This paper addresses the limitation of the Black–Scholes model in pricing Google stock options—its neglect of time-varying volatility and interest rates. To overcome this, we propose an extended PDE framework that jointly models stochastic volatility and stochastic interest rates within a single unified partial differential equation—a novel coupling approach. Methodologically, we systematically compare finite difference methods (FDM) and Long Short-Term Memory (LSTM) neural networks in terms of pricing accuracy and computational efficiency: LSTM achieves lower prediction errors in historical backtesting, whereas FDM offers superior numerical stability and faster computation. Empirical results demonstrate that the hybrid modeling strategy significantly enhances robustness and generalization across varying market volatility regimes. The framework thus provides a theoretically rigorous yet computationally practical solution for pricing complex derivatives, bridging the gap between financial theory and engineering implementation.

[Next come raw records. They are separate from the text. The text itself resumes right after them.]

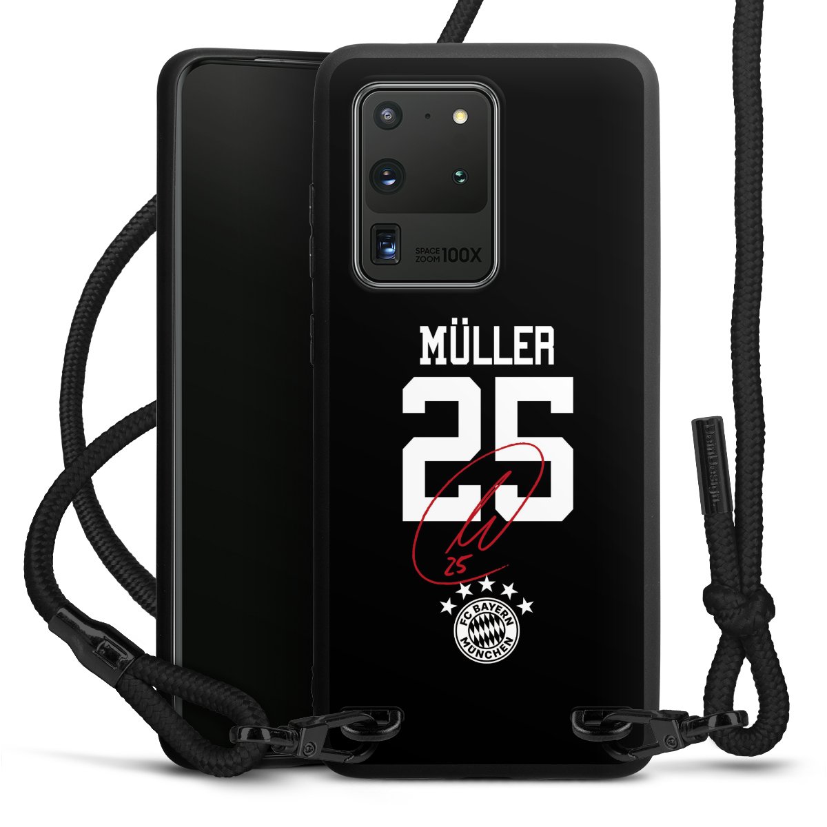 The matt black silicone case is made of flexible TPU (thermoplastic polyurethane) and offers robust protection. The durable, unbreakable material makes the cover flexible and dimensionally stable at the same time. The matte surface makes your design stand out more and is less susceptible to fingerprints and dirt. The stylish trend accessory fits comfortably in the hand and is perfectly complemented by the fabric (polyester) mobile phone strap. The braided fabric strap is approx. 1.70 metres long with a diameter of approx. 0.5 cm. Due to the special knotting technique, the length of the strap can be adjusted by simply pulling it, so that you can adapt it individually to your wishes. The practical case to wear around your neck is available with the fabric strap in black. As a little icing on the cake, we have provided the strap with a chic metal fastener in matt black. The strap is securely fastened to the case with loops made of high-quality genuine leather and press studs. The ends of the fabric strap are covered with metallic end caps and thus protected from fraying.
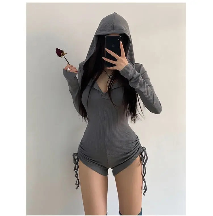 Black Lolita Grunge Hooded Jumpsuit
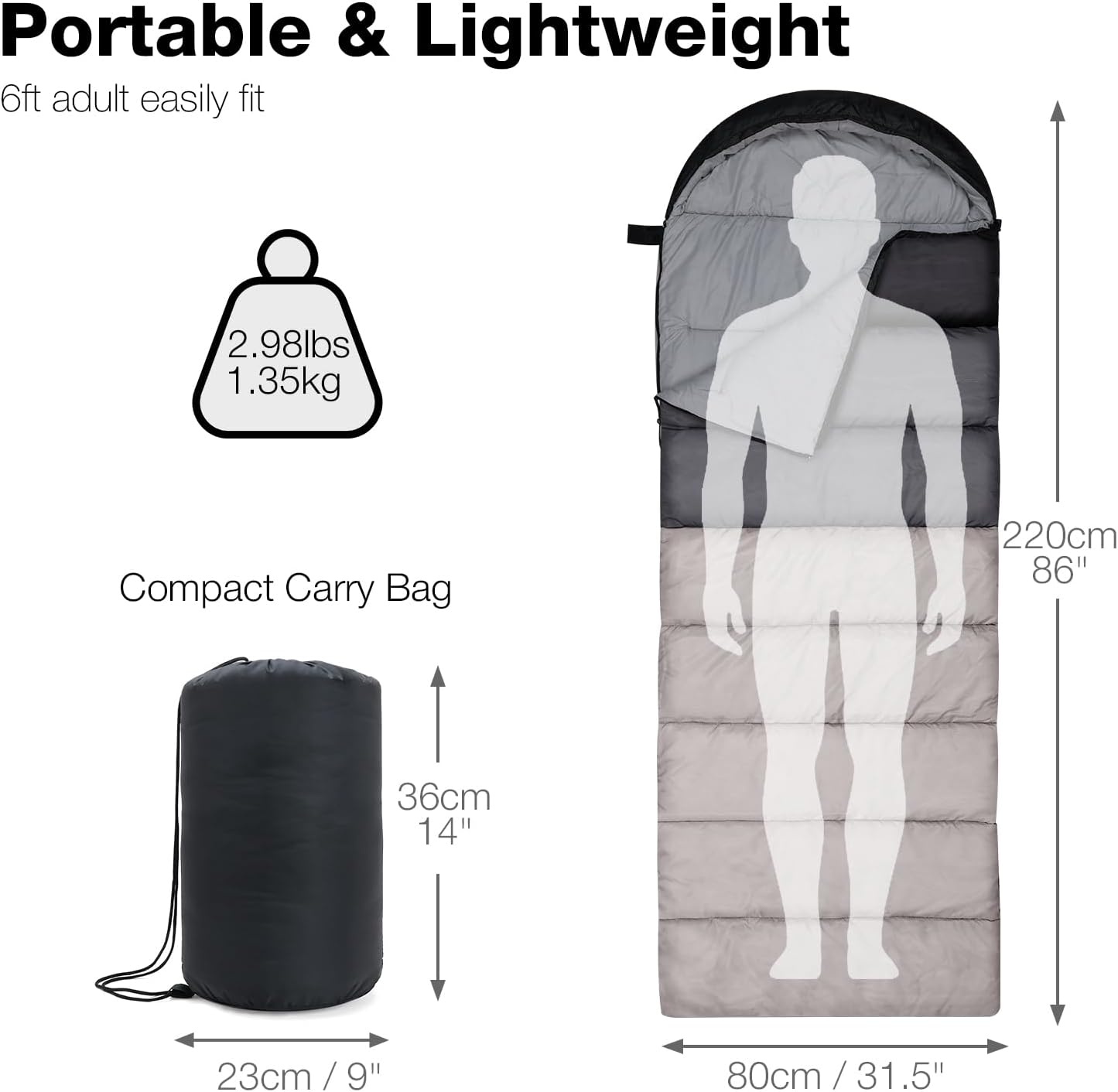 • 【Sleeping Bags for Adults Warm Weather】The sleeping bags rated temperature from 41℉- 68℉(5℃-20℃), which stays warm even at 40℉. Envelope-shape sleeping bag measures 31.5 x 86.6 inches (W x D), and comfortably fits most campers up to 5 feet 11 inches tall.
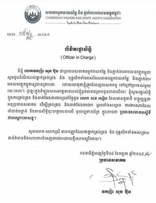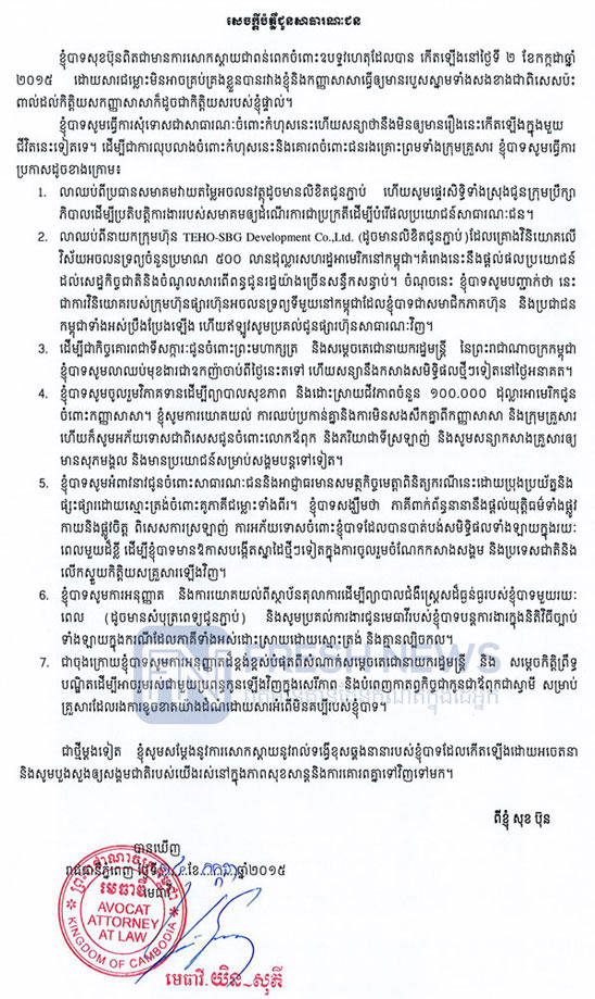 សូមបញ្ជាក់ថា នៅថ្ងៃទី១៤ ខែកក្កដា ឆ្នាំ២០១៥នេះ ឧកញ៉ា សុខ ប៊ុន បានចេញសេចក្ដីបំភ្លឺជូនសាធារណៈជន និងលិខិតសុំទោស មកលើកញ្ញាសាសា ដោយក្នុងលិខិតដ៏កម្រនោះបានបង្ហាញពី ការលះបង់៖ ទី១-លាឈប់ពីប្រធានសមាគមវាយតម្លៃអចលនវត្ថុ ។ ទី២-លាឈប់ ពីនាយកក្រុមហ៊ុន TEHO-SBG Developement Co.,Ltd លើគម្រោង វិនិយោគវិស័យអចលនទ្រព្យចំនួនប្រមាណ ៥០០លានដុល្លារ និងទី៣-ខ្លួនបានលើកឡើងថា ដើម្បីជាកិច្ចគោរពជាទីសក្ការៈ ជូនចំពោះព្រះមហាក្សត្រ និងសម្ដេច តេជោនាយករដ្ឋមន្ដ្រី នៃព្រះរាជណាចក្រកម្ពុជាខ្លួនសុំលាឈប់ពីមុខងារជាឧកញ៉ាចាប់ពីថ្ងៃនេះតទៅ ។
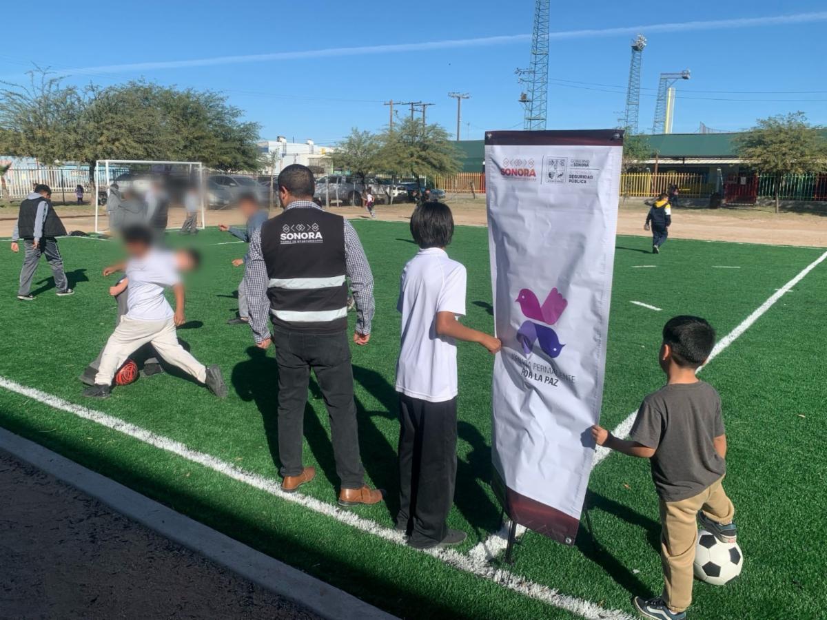 La SSPC Sonora fomenta en escuelas y colonias la práctica deportiva y, con ello, la sana convivencia, así como la salud física y mental de las y los menores de edad mediante partidos de futbol.
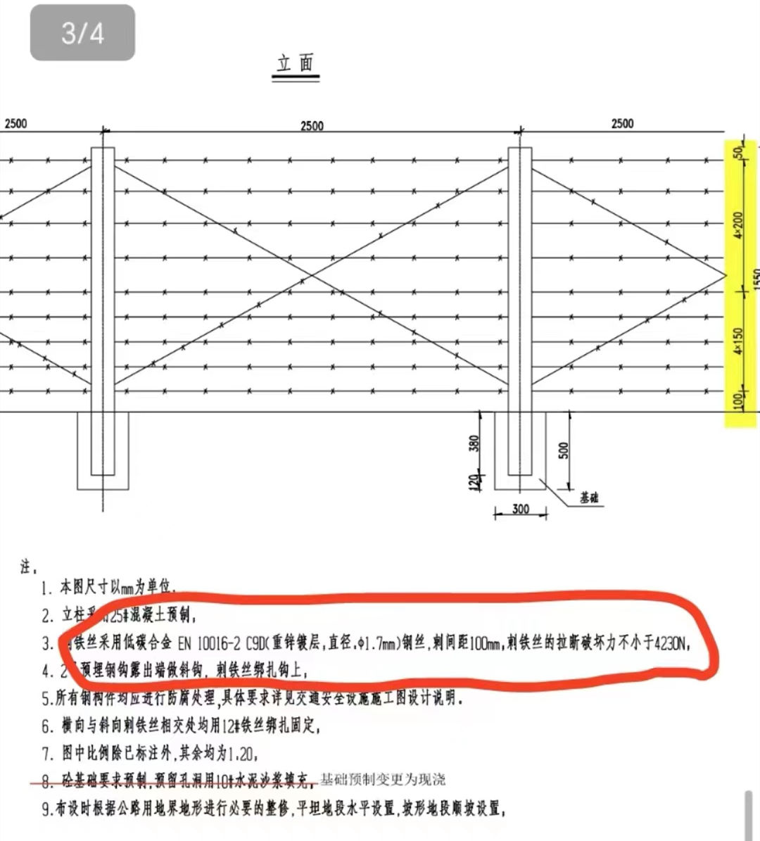 3、刺鐵絲采用低碳合金EN10016-2C90(重鋅鍍層,Φ1.7mm)鋼絲,刺間距100mm,刺鐵絲的拉斷破壞力不小于4230N。
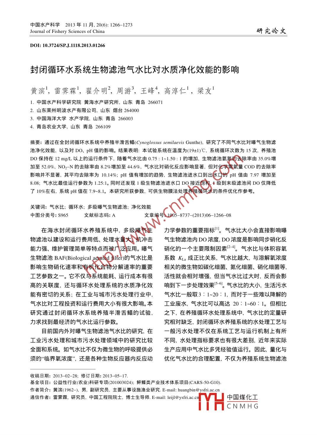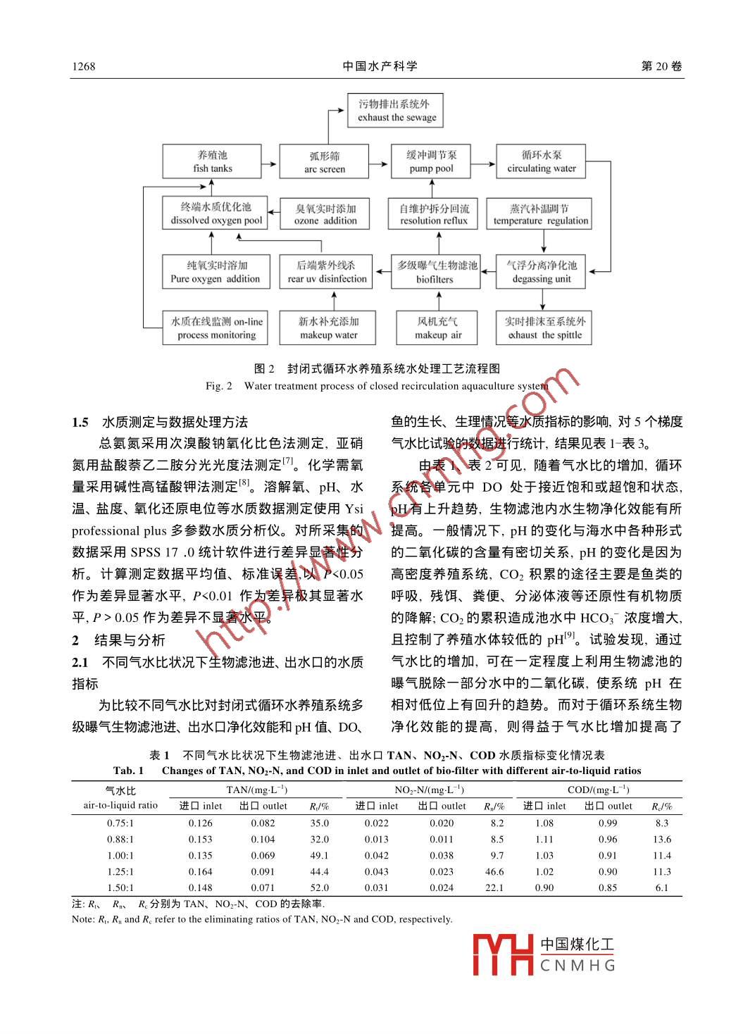 中國(guó)水產(chǎn)科學(xué)2013年 11 月, 20(6): 1266-1273Journal of Fishery Sciences of China研究論文DOI: 10.3724/5SP.J.1118.2013.01266封閉循環(huán)水系統(tǒng)生物濾池氣水比對(duì)水質(zhì)凈化效能的影響黃濱,雷霽霖',翟介明”,周游”,王峰*,高淳仁',梁友'1.中國(guó)水產(chǎn)科學(xué)研究院黃海水產(chǎn)研究所,山東青島2660712.山東萊州明波水產(chǎn)有限公司,山東煙臺(tái)2640003.中國(guó)海洋大學(xué)水產(chǎn)學(xué)院,山東青島2660034.青島農(nóng)業(yè)大學(xué),山東青島266109摘要:通過(guò)在全封閉循環(huán)水系統(tǒng)中養(yǎng)殖半滑舌鰨(Cynoglossus semilaevis Gunthe),研究了不同氣水比對(duì)曝氣生物濾池凈化效能,以及對(duì)DO、pH值的影響。結(jié)果表明:本試驗(yàn)系統(tǒng)在溫度為(19+1)°C,系統(tǒng)循環(huán)次數(shù)為15次,養(yǎng)殖池Do保持在12 mg/L以上的運(yùn)行條件下,隨著氣水比由0.75: 1~1.50: 1的增加,生物濾池氨氮的去除率由35.0%增加至52.0%, NO2- -N的去除率由8.2%增加至44.6%,氣水比對(duì)硝化反應(yīng)影響顯著,但對(duì)化學(xué)需氧量COD的去除率影響并不顯著,其平均去除率為10.14%; pH值有增加的趨勢(shì),生物濾池進(jìn)水口到出水口的pH值由7.97增加至8.08;氣水比最佳運(yùn)行參數(shù)為1.25:1. 同時(shí)還發(fā)現(xiàn)1級(jí)生物濾池進(jìn)水口DO接近飽和, 1級(jí)到末級(jí)濾池間DO僅降低了10%左右,系統(tǒng)pH值在7.9~8.1。本研究所獲參數(shù),可供生物膜法處理養(yǎng)殖循環(huán)水的條件優(yōu)化作參考。關(guān)鍵詞:氣水比;循環(huán)水;多級(jí)曝氣生物濾池;凈化效能中圖分類(lèi)號(hào): s965文獻(xiàn)標(biāo)志碼: A文章編號(hào): 1005-8737- (2013)06- 1266- -08在海水封閉循環(huán)水養(yǎng)殖系統(tǒng)中,多級(jí)曝氣生力學(xué)參數(shù)的重要指標(biāo)"。氣水比大小會(huì)直接影響曝物濾池以建設(shè)和運(yùn)行費(fèi)用低、處理水量大、抗沖擊氣生物濾池內(nèi)DO濃度,DO濃度是影響同步硝化反能力強(qiáng)、維護(hù)管理簡(jiǎn)單等特點(diǎn)而被廣泛應(yīng)用。曝氣硝化的一個(gè)主要限制因素24。氣水比與體積容氧生物濾池BAF(Biological aerated filter)的氣水比是系數(shù)KLa成正比關(guān)系,氣水比越大,與溶解氧濃度影響生物硝化速率和有機(jī)化合物分解速率的重要相關(guān)的微生物如碳化細(xì)菌、氮化細(xì)菌、硝化細(xì)菌等,工藝參數(shù)之一。它不僅與系統(tǒng)能耗、運(yùn)行成本有很活性就會(huì)相對(duì)增強(qiáng),但當(dāng)氣水比過(guò)大時(shí),反而會(huì)影高的關(guān)聯(lián)度,還與循環(huán)水處理系統(tǒng)的水質(zhì)凈化效響到下一步處理效果5-6。氣水比的大小,生活污水,能有密切的關(guān)系;在工業(yè)與城市污水處理行業(yè)中,氣水比一般取3: 1~20: 1,而對(duì)于一些難以降解的氣水比對(duì)工程投資和運(yùn)行費(fèi)用大小有很大影響。本工業(yè)廢水,氣水比可以高達(dá)20: 1~60: 1。但相比研究通過(guò)封閉循環(huán)水系統(tǒng)養(yǎng)殖半滑舌鰨的試驗(yàn),之下,在養(yǎng)殖循環(huán)水處理系統(tǒng)中,氣水比的定量研力求找到最經(jīng)濟(jì)的氣水比運(yùn)行參數(shù)。究相對(duì)缺乏,封閉循環(huán)水養(yǎng)殖系統(tǒng)的水處理工藝與目前國(guó)內(nèi)外對(duì)曝氣生物濾池氣水比的研究,在-般污水處理不僅在系統(tǒng)工藝與運(yùn)行機(jī)制上有所工業(yè)污水處理和城市污水處理領(lǐng)域中的研究比較不同,水處理指標(biāo)要求也有很大差別,近年來(lái)實(shí)際全面和系統(tǒng)。如氣水比不僅為微生物的呼吸提供必生產(chǎn)應(yīng)用中氣水比多憑經(jīng)驗(yàn)值運(yùn)行。因此,量化與須的“臨界氧濃度”,還是各種生物反應(yīng)器內(nèi)反應(yīng)動(dòng)優(yōu)化氣水比的合理配置,不僅為養(yǎng)殖系統(tǒng)生物濾池收稿日期: 2013-02- 28;修訂日期: 2013-05-17.基金項(xiàng)目:公益性行業(yè)(農(nóng)業(yè))科研專(zhuān)項(xiàng)(201003024);鲆鰈類(lèi)產(chǎn)業(yè)技術(shù)體系項(xiàng)目(CARS-50-G10).作者簡(jiǎn)介:黃濱(1962-), 男,副研究員,主要從事設(shè)施漁業(yè)研究. E-mail: huangbin@ysfri.ac.cn通信作者:雷霽霖,研究員,中國(guó)工程院院士,博土生導(dǎo)師. E-mail: leiji@ yfri.ac.cn中國(guó)煤化工YHCNMH G第6期黃濱等:封閉循環(huán)水系統(tǒng)生物濾池氣水比對(duì)水質(zhì)凈化效能的影響1267運(yùn)行工藝參數(shù)優(yōu)化提供科學(xué)依據(jù),對(duì)我國(guó)循環(huán)水養(yǎng)另-路計(jì)量曝氣量。殖節(jié)能增效也意義重大。試驗(yàn)用魚(yú):總共投放體質(zhì)量(640.10士63.30) g.體長(zhǎng)(43.10土1.48) cm的半滑舌鰨魚(yú)種780尾,分別1材料與方法按1號(hào)池240尾2號(hào)池210尾、3號(hào)池180尾1.1試驗(yàn)系 統(tǒng)與試驗(yàn)用魚(yú)4號(hào)池150尾不同密度布放于4個(gè)養(yǎng)殖池中。試驗(yàn)在山東萊州明波水產(chǎn)有限公司試驗(yàn)車(chē)間1.2 封閉式循環(huán)水養(yǎng)殖系統(tǒng)工藝流程圖1),采用封閉式循環(huán)水養(yǎng)殖系統(tǒng),養(yǎng)殖半滑舌封閉式循環(huán)水養(yǎng)殖系統(tǒng)工藝流程如圖2所示。鰨試驗(yàn)。系統(tǒng)水體交換率為18次/d。1.3 養(yǎng)殖試驗(yàn)日常管理,試驗(yàn)期間每天上午8點(diǎn)常規(guī)監(jiān)測(cè)并記錄養(yǎn

This study investigates enhancing option pricing by extending the Black-Scholes model to include stochastic volatility and interest rate variability within the Partial Differential Equation (PDE). The PDE is solved using the finite difference method. The extended Black-Scholes model and a machine learning-based LSTM model are developed and evaluated for pricing Google stock options. Both models were backtested using historical market data. While the LSTM model exhibited higher predictive accuracy, the finite difference method demonstrated superior computational efficiency. This work provides insights into model performance under varying market conditions and emphasizes the potential of hybrid approaches for robust financial modeling.